The underlying issue today is at root the same as forty years ago - the contradiction between U.S. policies designed to frustrate China's achievement of its core objective of national unity and our need to reduce enmity and increase cooperation with China. But the context in which we must wrestle with this contradiction today is radically different. The balance of prestige, if not yet the balance of power, between the United States and China has shifted.
Freeman then reviews the mess that elites -- well, elites like Freeman! -- have made of the US economy and its foreign policy -- the massive debt, the floundering at all levels, the lack of rule of law, and loss of prestige. The stupidities of Afghanistan and Iraq are mentioned merely to example the limits of American military power -- not as a root cause of our decline. Our foreign policy analysts seem unable to grasp that every dollar spent in Afghanistan not only makes China stronger but ensures that Americans and Afghans are getting killed solely to pacify central Asia for Chinese expansion.
That reality -- Chinese expansion -- is entirely missing from Freeman's presentation. He ends this section....
To our creditors, America now looks like a huge, insolvent insurance company with a mostly military workforce living on credit rollovers. Washington can't even pass a budget, let alone devise a credible plan to pay down our debt. Increasingly, America's creditors see the United States as a bad bet, not a safehaven for their money. This is not good. And it is not smart, in such circumstances, to enter a race with the People's Liberation Army, as we did with Soviet armed forces, to see who can spend whom into the ground.The opening of the second paragraph is absurd. Ask the Tibetans, Uighurs, and Taiwanese if China operates an empire. Ask the nations bordering the South China Sea, India, and Japan about China's "traditional frontiers". The South China Sea, all of which China claims, was never a part of any "traditional China" and neither were the Senkakus or Taiwan or Arunachal Pradesh, all currently claimed by China. This presentation is highly slanted in favor of China, the victim. Sad.
Unlike the Soviet Union, China has a highly successful economy that is widely seen as a model combination of industrial policy with market economics. Not everybody likes China, but it has a reputation for coherent strategic vision. China does not operate an empire of captive satellite nations, have a history of global power projection, seek to export an ideology, or propose to expand beyond its traditional frontiers. It has not configured its forces for an attack on our homeland, even if it has made provision for retaliation against us in the event we strike its homeland. China has begun, however, to object to American naval operations in its near seas that it considers hostile to it. By its attempts to deny our right to carry out such operations, China jeopardizes our exercise of at least a portion of the global hegemony to which we have recently become accustomed. And the Chinese seem bent on developing defenses we cannot easily overwhelm.
These are threats to our omnipotence even it they are not threats to our homeland.
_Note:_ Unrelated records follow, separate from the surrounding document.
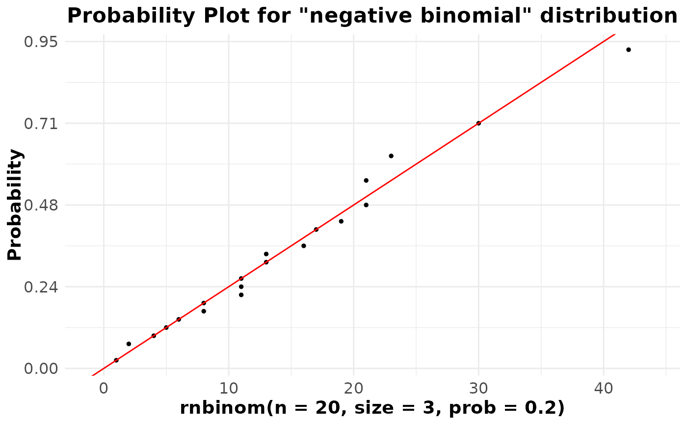 ppPlot(rnbinom(n = 20, size = 3, prob = 0.2), "negative binomial")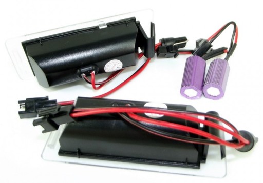 Komplet 2 lampek LED do oświetlenia tablicy rejestracyjnej, zamiennik oryginalnie stosowanego oświetlenia, z homologacją z możliwością legalnego użytkowania na europejskich drogach. Dużo lepszy efekt podświetlenia tablicy, którego nie zastąpią żadne zwykłe diody SMD.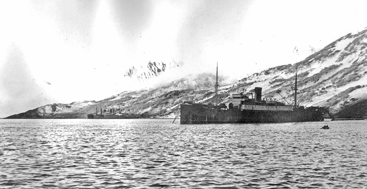 101. Самое большое судно в Наркомрыбпроме СССР в 1930—1940-х гг. пароход-рефрижератор "Пищевая индустрия" в бухте Южно-Глубокой (из собрания Ю. А. Моисеева)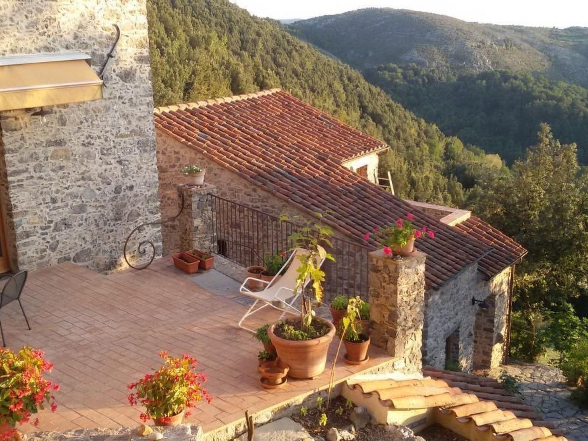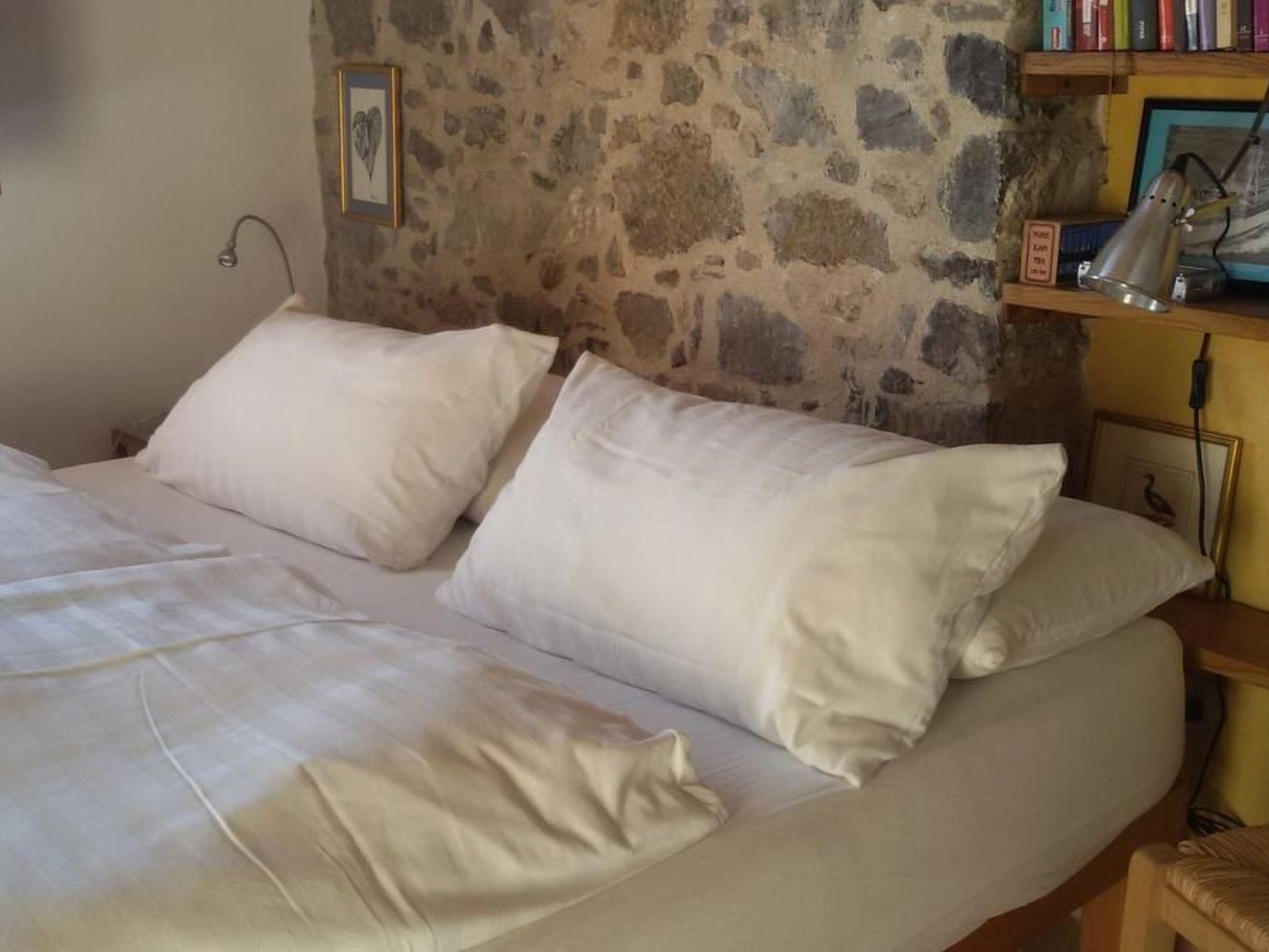 Diese Ferienwohnung befindet sich zusammen mit einer grösseren Ferienwohnung in einem freistehenden Natursteinhaus und bietet mit gut 40 m² Wohnfläche Platz für bis zu drei Personen. Auf dem Grundstück von 6000 qm sind noch zwei weitere Gebäude, die vermietet werden.

After observing some parallels between the Cold War and the current competition with China, but also noting that the situation is not in the US' favor, Freeman moves on to the matter at hand:
The subject you are discussing - China's strategy for its near seas - is very relevant. The Chinese have begun to make it clear that they will not be prepared indefinitely to tolerate the long-term menace of provocative foreign naval operations near their homeland's coasts. So it is in its near seas that China's determination to carve out an exception to America's global dominion is finding its clearest expression. This determination does not make China a threat to the United States, but it reinforces the point that China is a threat to U.S. military supremacy in Asia and possibly beyond it.The idea that the US is "provocative" and poor China is the helpless victim of Washington's provocations is, again, absurd in two ways. First, since China determines what is "provocative", by making strategy based on the fear of provoking China, you essentially hand off control of your foreign policy to Beijing. Second, Freeman elides the whole problem of how China provokes the US -- in these pro-China presentations China is always the victim and its agency is limited. In fact, there is no "ineluctable asymmetry" at play. China threatens our allies in Taiwan and Japan as well as friendly nations which are now looking to the US for support all along China's borders. Note that all of this is missing -- Japan isn't mentioned, and neither is India. When China's territorial claims go AWOL, you know you are looking at an artificial reality created to make the US look bad. Not to mention the technology theft and espionage.... I'm skipping several paragraphs to get to the ugly heart of this presentation....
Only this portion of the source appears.